I am having a doubt on an example on Conway's "Funtions of one Complex Variables". At example 2.9, page 117. At some point, it is stated that, since $$ a+\cos(\theta)=\dfrac{z^2+2az+1}{2z} $$ it must imply that $$ \int_0^{\pi}\dfrac{d\theta}{a+cos(\theta )}=\dfrac{1}{2}\int_0^{2\pi}\dfrac{d\theta}{a+cos(\theta)}=-i\int_{\gamma}\dfrac{dz}{z^2+2az+1} $$ where $\gamma (t)=e^{it}$, $t\in \left[0,2\pi \right]$.

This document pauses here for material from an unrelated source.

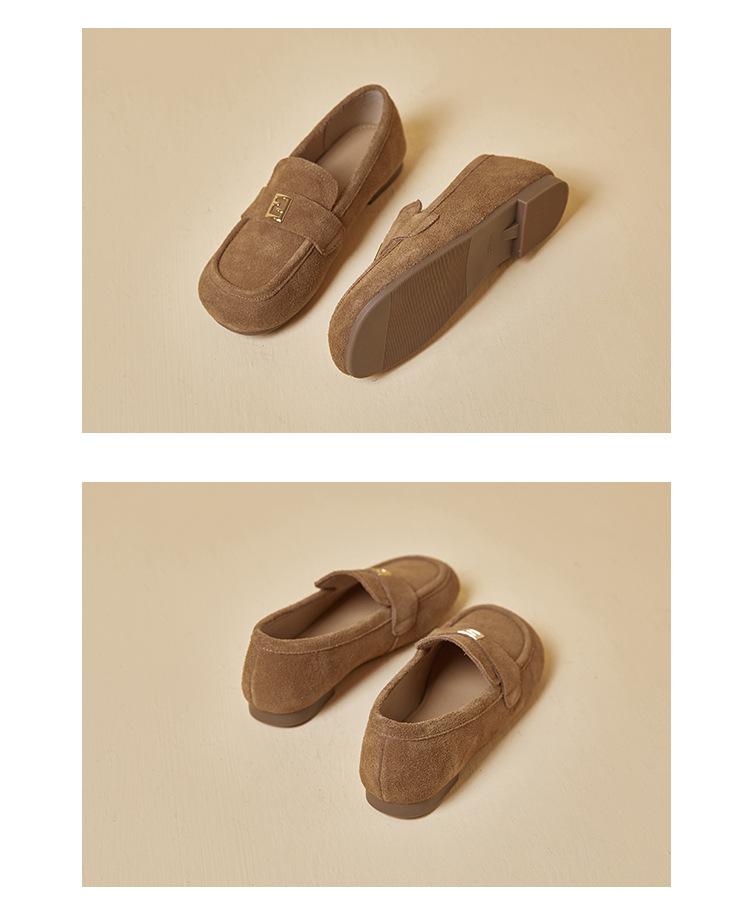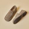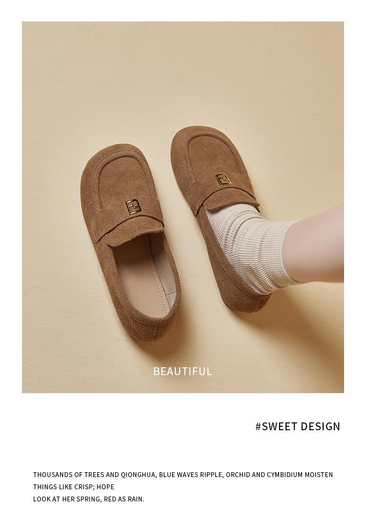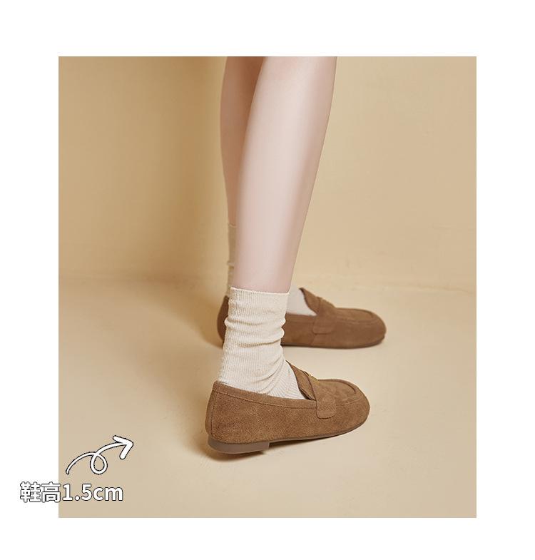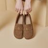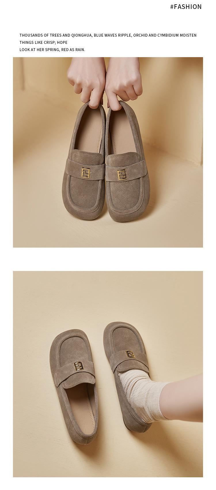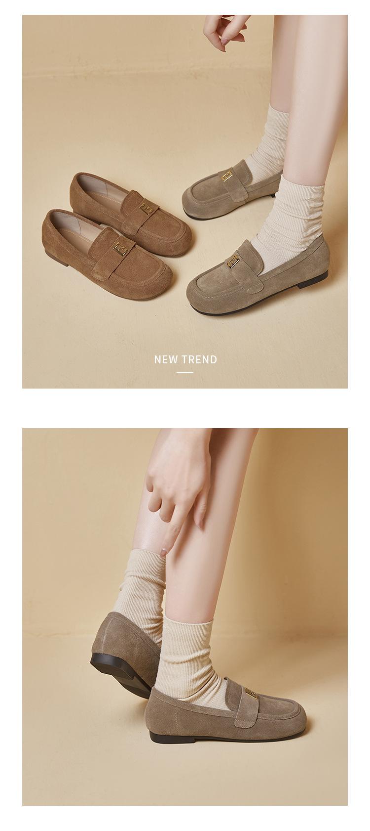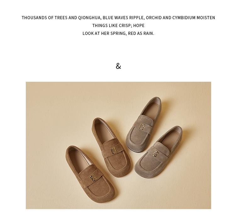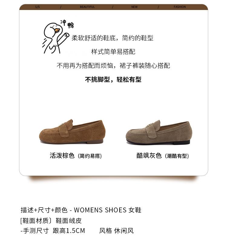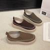Zapatos tipo gorro de cuero genuino para mujer 2024 Primavera Nuevo estilo Slip-On Suela plana Versátiles Zapatos casuales de ante

I could get all that, except for what happens between the last two integrals; I think that there should be a "$2z$" before the $dz$, but when I insert it there the calculations doesn't end up right. Can someone explain me what I'm missing?

Thanks.

Answer 1

$$\int\frac{d\theta}{2a+2\cos\theta}=\int\frac{d\theta}{2a+e^{i\theta}+e^{-i\theta}}=\int\frac{dz}{iz}\cdot\frac{1}{2a+z+\frac{1}{z}}.$$ Then $$\int\frac{dz}{iz}\cdot\frac{1}{2a+z+\frac{1}{z}}=-i\int\frac{dz}{z^2+2az+1}.$$

Answer 2

$$a+\cos(\theta)=\dfrac{z^2+2az+1}{2z}\Longrightarrow -\sin\theta\,d\theta=\left(\frac{1}{2}-\frac{1}{2z^2}\right)dz=\frac{z^2-1}{2z^2}dz\Longrightarrow$$

$$d\theta=-\frac{z^2-1}{2z^2\sin\theta}dz=-\frac{z^2-1}{2z^2\sqrt{1-\cos^2\theta}}dz$$

But

$$1-\cos^2\theta=1-\left(\frac{z^2+2az+1}{2z}-a\right)^2=1-\left(\frac{z^2+1}{2z}\right)^2=$$

$$=-\frac{(z-1)^2(z+1)^2}{4z^2}\Longrightarrow d\theta=\frac{z^2-1}{2z^2}dz\frac{2z}{z^2-1}=\frac{dz}{z}$$

so

$$\frac{1}{2}\int\limits_0^{2\pi}\frac{d\theta}{a+\cos\theta}=\frac{1}{2}\int\limits_\gamma\frac{dz}{z}\frac{2z}{z^2+2az+1}=\ldots$$